Wednesday, April 23, 2014

We Make Our Buildings and Our Buildings Make Us

Driving to work one day recently I was listening to the choir of King’s College, Cambridge under the direction of Sir David Willcocks singing the sixteenth-century English composer William Byrd’s Ave Verum Corpus.  I have sung this piece, and from personal experience can testify how difficult Byrd’s polyphony can be to perform well a capella.  At cuius latus, I was struck by how gentle and caressing Byrd’s phrases are.  The music conjured late medieval images of the grieving women observing the taking down of the body of Jesus from the cross. 

From my earliest memories, art, and particularly music, has been the gateway to the deepest religious feeling, the door to what Friedrich Schleiermacher famously identified as a sense of utter dependence on the source of all.

In his Dawn and Decadence, Columbia historian Jacques Barzun confirms that my experience has been shared by many through the ages.  Most medieval people didn’t think about theology or philosophy.  But the socially-constructed world of medieval Christendom, with its theological grid, simply was reality, and the reality was reinforced by art and story. What medieval Cathedrals, for example, communicated to average people about God, the soul and the nature and destiny of human beings was portrayed vividly in a space that virtually everyone shared.

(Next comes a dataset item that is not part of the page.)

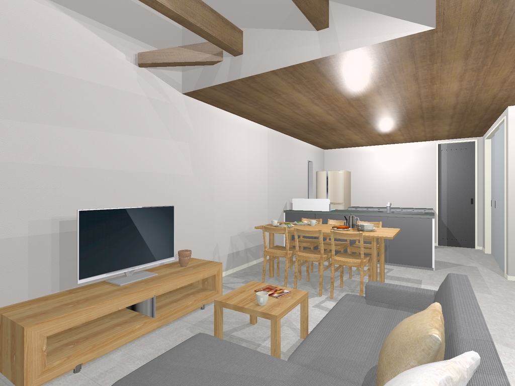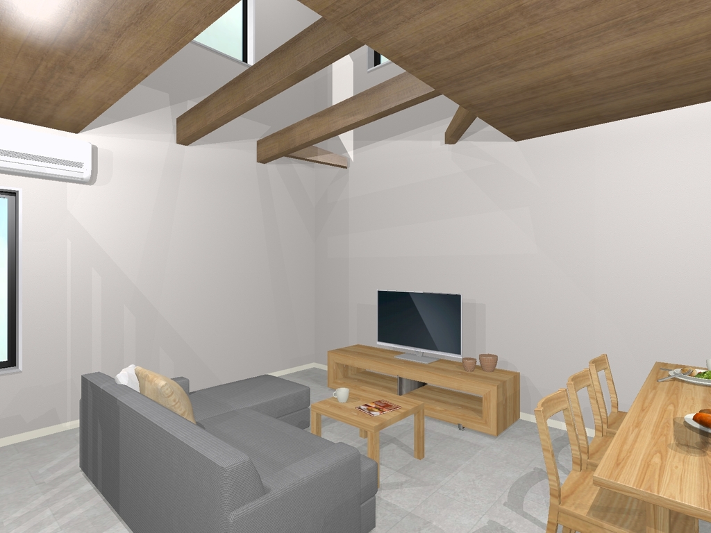 ■自然光が降り注ぐ広々20帖LDKと吹抜け 20帖の広々としたLDKは、計算された窓の配置と開放的な勾配天井、そして吹抜けが相まって、一日を通して自然光が降り注ぎ、心地よい風が通り抜けます。空間にさらなる広がりと奥行きを与え、ゆとりある暮らしを演出します。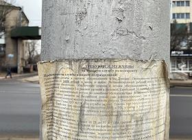 Виды Донецка во время проведения специальной военной операции Вооруженных сил России. Жанровая фотография. Объявление "Требуются мужчины на военную службу по контракту".

Depth of meaning within this shared world was accessible through art – plastic, musical and literary – and architecture.

Something like this deepening was vouchsafed to me as a child through pictures, books that were read to me and that I read, poetry my grandfather recited from memory, music, movies, buildings and the language of great public orators like FDR, Churchill, JFK, Congresswoman Barbara Jordan and Senator Everett Dirksen.

Not long ago I attended a dedication service in one of Charlotte’s spotless new Protestant church sanctuaries.  As I settled into my pew, I wondered how much soul-deepening is being conveyed to parishioners by this building and its contents.  The design of the structure is an apt expression of H. Richard Niebuhr’s Christ of culture paradigm.  It is a shiny, high-tech, pre-fab, industrially manufactured facility.  It was planned for American suburbanites and their idea of what a place to worship should be.  Although the pastor spoke about the holy that day, and referred to the interior space as set apart for an experience of the numinous, I did not sense anything of the sort. God seemed not to be home. As I tried to identify what exactly was awry, two things came to mind:  the omnipresence of factory-manufactured metallic fixtures and electronic conveniences of every kind, and the relative absence of natural woods and fibers. 

The processional cross, for example, was a factory-made, metallic Christus Rex.  Synthetic carpet throughout the room – it covered both the aisles and the floor under the pews and chairs – said these good people believe in practicality and economy – but, and this is important, not simplicity – above all. Both the pastor and the head usher cautioned worshippers against bringing substances into the space that might mar or stain. Praise bands featured well-amplified electronic instrumentation.  What was absent were natural materials, acoustic instrumentation, simplicity of appointment, silence experienced communally as preparation for being addressed by the transcendent through scripture and sacrament and the spirit of human kindness. These things might have invited a sense of the numinous, might have provided context for the possibility of such an experience. But they were absent. And I missed them.



Interior of Third Haven Friends Meeting House in Easton, Maryland, circa 1684.